The aim of this study was to determine the antioxidative potential of the S. japonicus protein hydrolysates fed to mice with alcoholic fatty liver disease. Oral administration of the protein hydrolysate resulted in decreased and controlled serum triglyceride levels and XO activity. At all tested doses (100, 250, and 500 mg kg−1) of the protein hydrolysate, lipid peroxidation levels were adjusted to the level of the group treated with silymarin. This was especially true for the 100 mg kg−1 dose. This confirms that the mackerel protein hydrolysate directly participated in the production of active oxygen in liver tissue. The expression of SOD protein, which is involved in the active oxygen detoxification system, was also significantly upregulated in the groups administered MMPH. Furthermore, relatively higher SOD activity was observed after treatment with MMPH at 100 mg kg−1. This indicates that the abundant amino acids present in MMPH acted in the cytosol of liver cells and enhanced antioxidant activity by directly participating in the expression of XO and the detoxifying proteins, SOD and CAT. The protein hydrolysate used in this study suppressed alcohol-induced oxidative stress by inhibiting lipid peroxidation. Based on the findings of this study, it was concluded that protein hydrolysate prepared from mackerel may be a strong antioxidant, as it regulated mechanisms involving the glutathione family, which are known to be secondary enzymes during detoxification. Therefore, S. japonicus has potential for use in the development of bioactive compounds. Further research should focus on purification, characterization, and scale-up of the peptides responsible for the antioxidant activity.

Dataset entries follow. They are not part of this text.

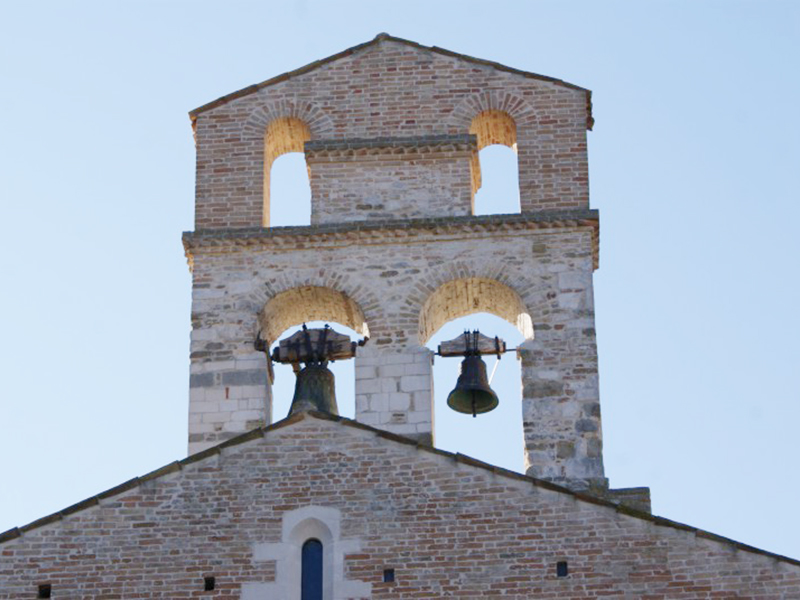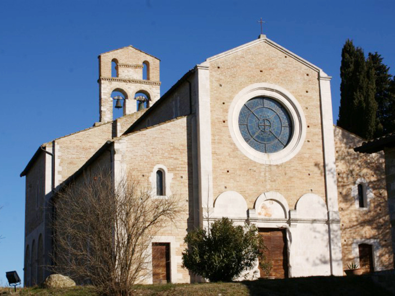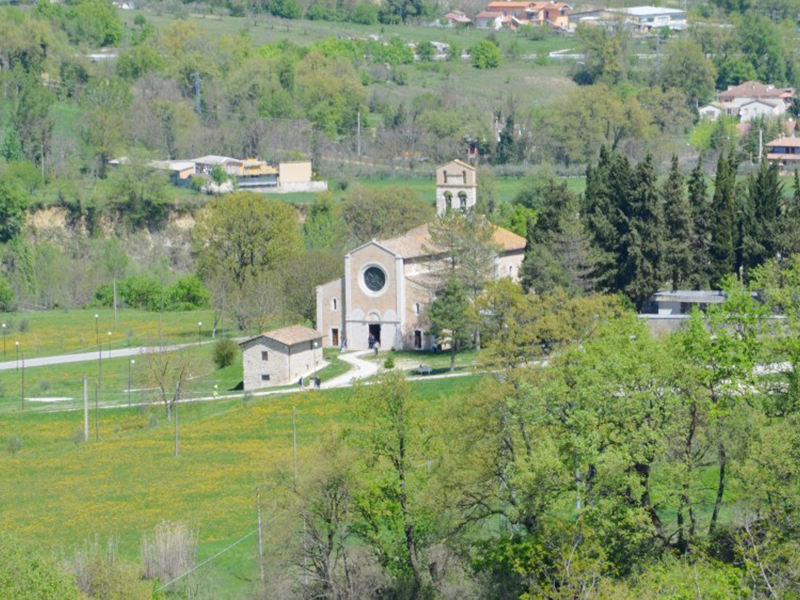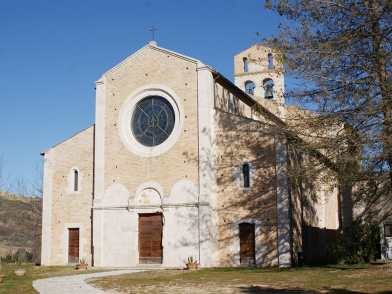 Complesso monastico benedettino il cui convento non esiste più perchè distrutto da un incendio in epoca medievale, si ritiene che la sua costruzione risalga alla fine del 1100 ed il suo stile architettonico presenta una chiara impronta romanica, con alcuni particolari che richiamano certe chiese pugliesi. La facciata è divisa in tre parti, di cui quella centrale, la più grande, presenta un rosone nella sua parte alta ed un semplice portale ad architrave piano sormontato da una lunetta al cui interno sopravvivono alcuni sprazzi di affreschi. Le due laterali hanno entrambe una stretta monofora ed un portale ad architrave piano. Dalla parte posteriore del tetto si erge un campanile a vela in laterizio e pietra in cui sono collocate due campane. La copertura è a capanna nella parte centrale e a spioventi contrapposti in quelle laterali. L’aspetto esterno trova corrispondenza all’interno con la presenza di tre navate, una grande centrale e due laterali più piccole, separate da tre grandi archi a tutto sesto per ogni lato che poggiano su alti pilastri cruciformi. Ogni navata termina con un’abside e quella centrale prende luce da una grande monofora che all’esterno risulta incorniciata da motivi ornamentali, mensole, colonnine e capitelli. Le absidi ed il transetto sono quasi completamente affrescate da opere medievali raffiguranti momenti significativi del Vecchio e Nuovo Testamento.
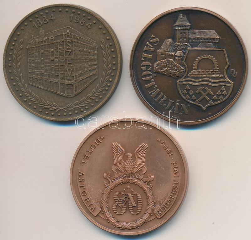 Beschreibung: Blaskó János (1945-) 1985. "Salgótarján / Magyarország - Csehszlovákia Államközi Bélyegkiállítás" Br emlékérem (43mm) + Bozó Gyula (1913-2004) 1994. "Hotel Astoria Budapest 1914-1994 / Vándor voltam és befogadtatok (Máté, 25)" Br emlékérem (42,5mm) + 1984. "Szerelvényértékesítő Vállalat 100 éves" Br emlékérem (42,5mm) T:2
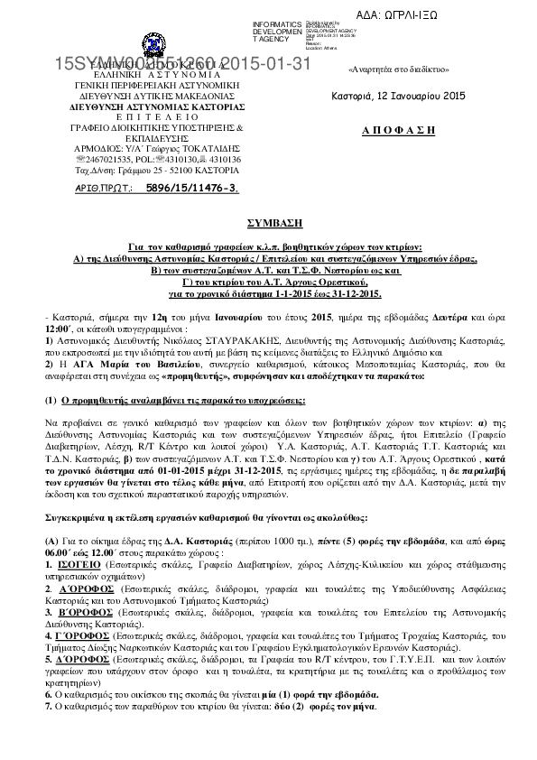 10. Σύμβαση καθαριότητας οικημάτων που στεγάζονται οι Υπηρεσίες της Δ.Α. Καστοριάς έτους 2015.
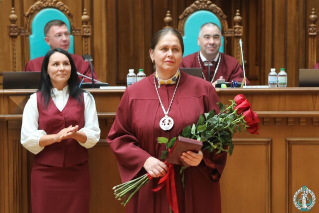 На спеціальному пленарному засіданні Конституційного Суду України суддя Суду Алла Олійник склала присягу та засвідчила її текст особистим підписом.
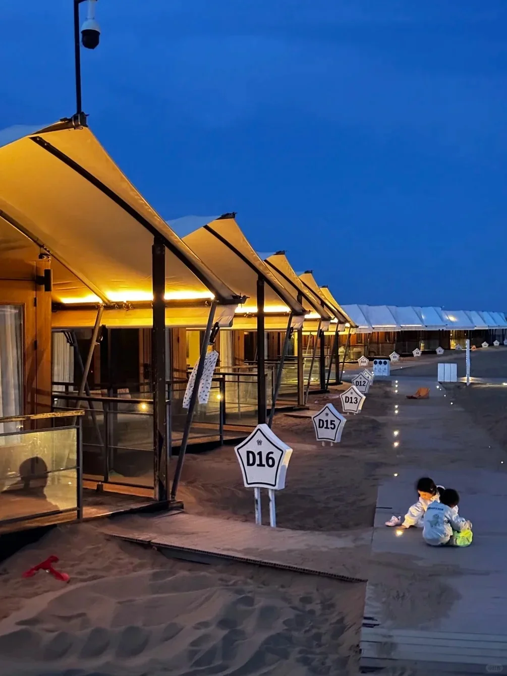 B区木屋散落在沙丘上,独栋设计,推门就是沙子。每间木屋门口都配有滑沙板,孩子能玩一整天不带进屋的。
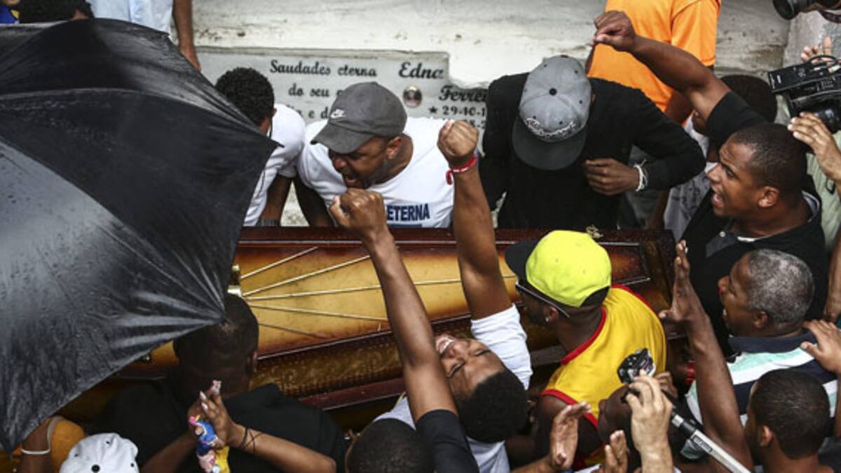 La ONG se refirió a la muerte del bailarín Douglas Rafael da Silva Pereira, cuyo cadáver fue encontrado con un tiro en una escuela de la favela Pavão-Pavãzinho el pasado martes, y a Edilson Silva dos Santos, que murió con un disparo en la cara durante las protestas que se produjeron ese día. La muerte de Pereira generó disturbios y causó protestas de los habitantes de la favela, que pararon el tráfico de vehículos en Copacabana a la vuelta del entierro del bailarín.
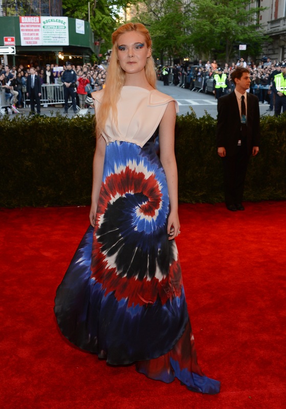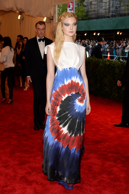As for Elle, who is 15, and we’ll just conveniently side-step the issue of why a 15 year old is at this event, at least she’s never dressed for 30. And the Mulleavy sisters have styled her perfectly in a piece that allows her to express her youth and protect it too while still showcasing their creativity. Why shouldn’t a teenager at the ball make her eyes into rainbows?
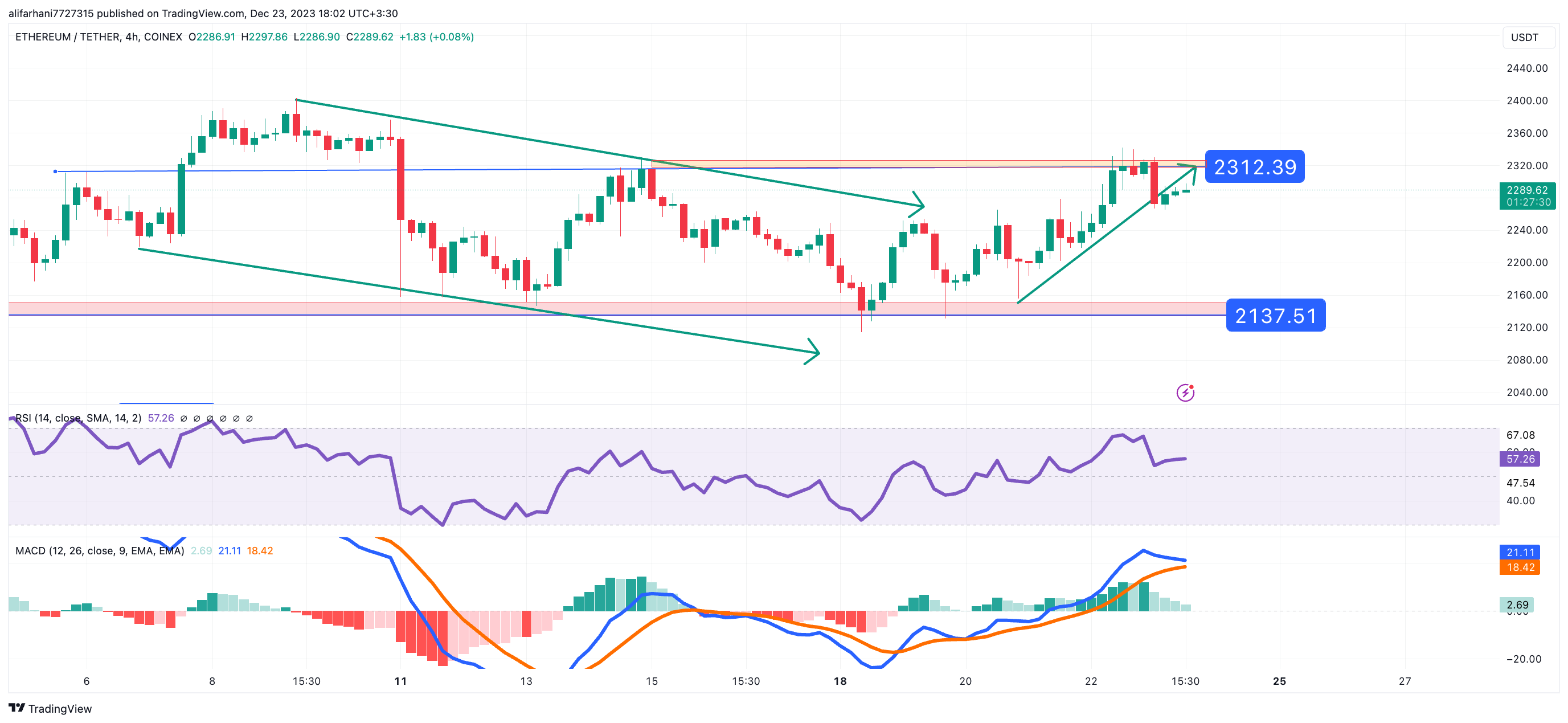 در زمان نگارش این مقاله، اتریوم با قیمت 2307 دلار معامله می شود که نشان دهنده افزایش 1.30 درصدی در 24 ساعت گذشته است.با نگاهی به آینده، گمانهزنیهایی وجود دارد که اتریوم ممکن است در هفتهها یا ماههای آینده به بالاترین حد خود برسد و به طور بالقوه پس از هاوینگ بیتکوین از مرز 5000 دلار عبور کند.در حال حاضر، مردم به طور کلی به قیمت آتی اتریوم خوش بین هستند و شاخص ترس و طمع در 70 است که نشان دهنده حس طمع در بین سرمایه گذاران است.اما با توجه به روند فعلی اندیکاتور های این رمزارز در تایم فریم ۴ ساعته، احتمال اصلاح مجدد قیمت دور از ذهن نخواهد بود.

Changes in SOD, Catalase and β-actin expression levels by western blot
(A) SOD expression levels; (B) Catalase expression levels; (C) Beta-actin expression levels N: Normal; C: Control; P: Positive control; M100: Mackerel muscle protein hydrolysate at a concentration of 100 mg kg −1; M250: Mackerel muscle protein hydrolysate at a concentration of 250 mg kg −1; M500: Mackerel muscle protein hydrolysate at a concentration of 500 mg kg −1.